Differential time-frequency mode decomposition and its application in rotating machinery fault diagnosis

Abstract

Mode decomposition methods, such as Empirical Mode Decomposition (EMD), Empirical Wavelet Transform (EWT), Variational Mode Decomposition (VMD), and Singular Value Decomposition (SVD), are widely used in signal denoising. However, these methods essentially act as band-pass filter banks, decomposing signals into different frequency bands. This leads to two key challenges: on the one hand, they cannot remove noise within the frequency band; on the other hand, extracting sensitive components requires precise quantitative criteria, and the design principles of these methods may not apply to all signals. In practical industrial applications, most of the signals collected are from normal operating conditions. To address the aforementioned issues, this paper proposes a novel adaptive mode decomposition method—Differential Time-Frequency Mode Decomposition (DTFMD). This method decomposes signals into sensitive components (SC), reference components (RC), and noise.
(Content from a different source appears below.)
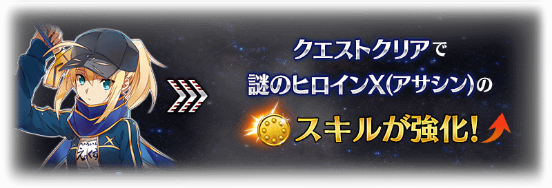 特定のイベントクエストをクリアすると、報酬として「★5(SSR)謎のヒロインX(アサシン)」の一部スキルが強化されます。

First, normalized time–frequency amplitude spectra (NTFAS) from easily acquired normal signals in industrial settings are used as reference signals, while the NTFAS from fault signals serve as mixed signals. A large-margin convex optimization model is then applied to identify the optimized weights time–frequency spectrum (OWTFS). Next, an adaptive thresholding strategy is developed to locate the time–frequency positions of the SC, RC, and noise on the OWTFS. Time-frequency inverse transformation techniques are then used to reconstruct the components. Finally, simulations, bearing experiments, and industrial truck gearbox data are used to validate the effectiveness and advantages of the proposed method, with comparisons made against existing mode decomposition techniques.